Implementation Details
The Plan Document
The SDM maintains a structured plan document with these sections:
- Architecture: Component breakdown, data flow, module boundaries
- Interfaces: Function signatures, type definitions, API contracts
- Data model: Schemas, validation rules, persistence strategy
- Acceptance criteria: Exact behaviours the implementation must satisfy
- Rejected approaches: What not to do, known pitfalls
The Review Document
The SDE writes each file it creates or modifies into a review document, alongside a summary of what was done and why. This document becomes the SDM's input for review. The SDM never reads raw code files — it reads the structured review document, which provides context and intent alongside the code.
Loop Termination
The loop runs a maximum of 3 rounds. In practice, ~70% of tasks pass review in round 1, ~25% require one revision, and ~5% require two. The third round is a safety net. After 3 rounds, the SDM either approves or flags the task for human review.
We track the pass rate per round as a health metric. A declining round-1 pass rate signals that the plan document is insufficiently detailed, and the SDM's prompting should be adjusted.
| Round | Pass Rate | Cumulative % of Tasks |
|---|---|---|
| 1 (initial implementation) | 70% | 70% |
| 2 (after first feedback) | 83% | 95% |
| 3 (after second feedback) | 60% | 98% |
| Escalated to human | — | 2% |
Beyond Cost: Additional Benefits
The role-specialized architecture produces advantages beyond the direct cost savings:
- Audit trail. The plan document, review document, and feedback are all persisted. Every decision is traceable. A human can review the entire conversation at any point.
- Independent iteration. The SDM and SDE can operate asynchronously. The SDM can plan the next task while the SDE implements the current one. With parallel task queues, throughput nearly doubles.
- Model independence. The SDM and SDE are decoupled by the document interface. Either model can be swapped independently. We have run experiments with Claude Opus 4.5 as SDM and Qwen 3 Coder as SDE, with similar cost profiles.

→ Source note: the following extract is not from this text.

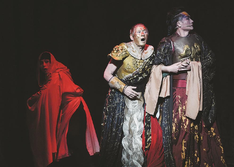 京昆新歌劇《凱撒》是根據(jù)經(jīng)典莎劇《凱撒大帝》進(jìn)行的當(dāng)代創(chuàng)作,滬臺藝術(shù)家吳興國、張軍首度合作。圖為劇照。 (演出方供圖) 為了京昆新歌劇《凱撒》的上海演出,當(dāng)代傳奇劇場藝術(shù)總監(jiān)、著名演員吳興國提前一周抵滬,與“昆曲王子”張軍一起排練。今年2月,這部用京劇和昆曲演繹的莎士比亞名劇《凱撒大帝》在第52屆香港藝術(shù)節(jié)完成世界首演。作為2024上海·靜安現(xiàn)代戲劇谷展演劇目,《凱撒》連日來在FANCL藝術(shù)中心熱演。這部由香港委約,滬臺兩地創(chuàng)作者精誠合作的作品,憑借東西方文化、戲曲與音樂的熱烈碰撞、大膽探索、凌厲呈現(xiàn)引發(fā)申城觀眾矚目。 因?yàn)殪`魂的共通,多地藝術(shù)家與觀眾一齊聆聽420年前莎士比亞的訴說,尋找戲曲走向未來的生命力。而《凱撒》此番內(nèi)地首演,也是與申城戲劇迷“久別重逢”。早在2019年的中國上海國際藝術(shù)節(jié)演出交易會上,吳興國就與張軍帶來了“片段式”驚鴻一瞥。念念不忘,必有回響。這部創(chuàng)新之作的背后,是志同道合的兩岸藝術(shù)家的相互扶持、相互激發(fā),致力于推動同宗同源的中國傳統(tǒng)文化創(chuàng)新發(fā)展,不斷向前。 踩厚底的凱撒,期待舞臺更加多彩 演員踩厚底、穿水袖,身著衣服的樣式則是古羅馬風(fēng)格,這樣的《凱撒大帝》對于觀眾來說是從未有過的。劇中,吳興國與張軍皆一人分飾三角——扮演凱撒、賈修司、安東尼的吳興國與擔(dān)綱卜拓思、詩人、預(yù)言者的張軍在舞臺上開啟了一場破天荒的京昆對話。收到吳興國的出演邀請,同樣熱愛創(chuàng)新的張軍幾乎沒有猶豫地接下。“兩岸戲曲人心意相通,藝術(shù)的交流總是令人興奮。” “我們要用戲曲的方式來演繹這個(gè)故事?!薄秳P撒》創(chuàng)排之初,吳興國就與張軍確認(rèn)了演劇思路,作品里的每一個(gè)角色都通過老生、花臉、武生、小生、丑角等傳統(tǒng)戲曲行當(dāng)來詮釋?!岸嗌倌暌院?,我們這一場壯烈的戲劇將要在還沒有產(chǎn)生的國家、用還沒有發(fā)明的語言去重新演繹,凱撒到底要流多少次血?”張軍對于莎士比亞原著中的這段文字印象深刻?!拔蚁?,當(dāng)昆曲《牡丹亭》在1598年被創(chuàng)作出來以后,或許湯顯祖也是這么想的?!彼硎荆皯騽〉牧α吭谟诿恳淮鷳騽∪说闹貜?fù)與再創(chuàng)作,從而成為永恒?!?/p> 與當(dāng)代傳奇劇場此前的創(chuàng)作一樣,吳興國希望《凱撒》是一部可以通向國際的作品。為此,他為《凱撒》選定了歌劇這一形式,并找到合作多年的上海老友、著名作曲家許舒亞譜曲?!熬﹦『屠。拖窀鑴±锏牟煌暡?,為舞臺增添了不同的色彩?!眳桥d國表示。然而,戲曲與現(xiàn)代音樂的融合并非易事,甚至可以說讓兩位演員吃足了苦頭。面對十幾種樂器構(gòu)成的歌劇譜曲,演員幾乎抓不到主旋律的唱腔。間奏要空幾拍?第幾拍要開口?演員最基本的張嘴都成了難題。經(jīng)過數(shù)不清次數(shù)的練習(xí),二人逐漸找準(zhǔn)了感覺,效果也給人帶來驚喜?!爱?dāng)我們拼命把曲譜背得很熟,這份力量真的很大,演員跟角色完全融在一起了?!眳桥d國對記者表示。 叛逆的“拼命三郎”,從沒忘記傳統(tǒng) “拼命”二字似乎也是吳興國對舞臺的如實(shí)寫照。吳興國的妻子、《凱撒》制作人林秀偉將記者領(lǐng)到側(cè)臺,那里搭起了小小的吳興國個(gè)人化妝間。演出前,三疊顏料以及濕巾紙已經(jīng)放置妥當(dāng)?!秳P撒》全劇共九場戲,吳興國上臺七場,其中五場需要進(jìn)行服裝和妝容的調(diào)整。金色是凱撒、灰色是賈修司、肉色是安東尼,為了不同角色的切換,吳興國需要卸妝六次,為臉部涂上新的顏色,每次空檔僅給他留出不到五分鐘的時(shí)間。 臺上還是臺下,吳興國的狀態(tài)都好得驚人,無論是與記者對話中銳利的眼神,還是演出中極具爆發(fā)力的表現(xiàn),都讓人難以察覺到他正在經(jīng)歷膝蓋的傷痛。吳興國曾表示,《凱撒》有讓他重返壯年的感受,他將其歸結(jié)于“責(zé)任感的魔力”?!拔易约阂芯珰馍瘢@樣才能給年輕人一些激勵(lì),讓他們更有勇氣表達(dá)自己的想法。”此次《凱撒》到上海演出,吳興國共帶了六名當(dāng)代傳奇劇場的年輕演員,其中也有剛剛參加完武漢“戲碼頭”戲曲藝術(shù)展演的朱伯澄,他經(jīng)常鼓勵(lì)團(tuán)里的青年演員多來內(nèi)地與高手切磋,因?yàn)椤熬﹦儆谶@片土地”。 從當(dāng)代傳奇劇場的創(chuàng)團(tuán)之作《欲望城國》開始,吳興國的“跨文化”探索始終處于現(xiàn)在進(jìn)行時(shí)狀態(tài),被問及幾十年如一日的堅(jiān)持是否抵達(dá)了他設(shè)定的目標(biāo),71歲的吳興國朝記者笑著說:“世界那么大,要學(xué)要聽的事情還有許多,我的‘進(jìn)度條’一直在加載中?!?/p> 在大多數(shù)人的印象里,吳興國是京劇大膽、叛逆的代表,卻常常忽略了他相當(dāng)傳統(tǒng)的一面。他與妻子開設(shè)“傳奇學(xué)堂”,為了不讓坐科的孩子在假期廢功,每年寒暑假,他都會招收一批學(xué)生,和他們同吃同住,早上五點(diǎn)起床練功,晚上九點(diǎn)休息,比在學(xué)校的作息更加嚴(yán)格。10多年下來,學(xué)堂走出的學(xué)生已成為各地劇團(tuán)的中堅(jiān)力量。如今,當(dāng)代傳奇劇場擁

- Incremental improvement. Because the SDE's output is always reviewed by a stronger model, the system naturally drives quality up over time. The SDE learns from feedback patterns within each session.
Conclusion
The prevailing assumption in agentic coding is that you need the most capable model for every part of the workflow. This is economically wrong. By splitting the cognitive labour — planning and reviewing to the frontier model (minimal output), implementation to a cheap model (heavy output) — we achieve the same or better quality at 80–90% lower cost.
The SDM/SDE pattern is not a compromise. It is a principled application of comparative advantage to AI agents. Each model does what it does best. The expensive model thinks. The cheap model builds. The loop connects them.
This architecture is now the default for all code generation tasks at Northorp. We recommend it to any team generating more than 5,000 lines of agent-written code per month — the savings pay for the integration effort within the first week.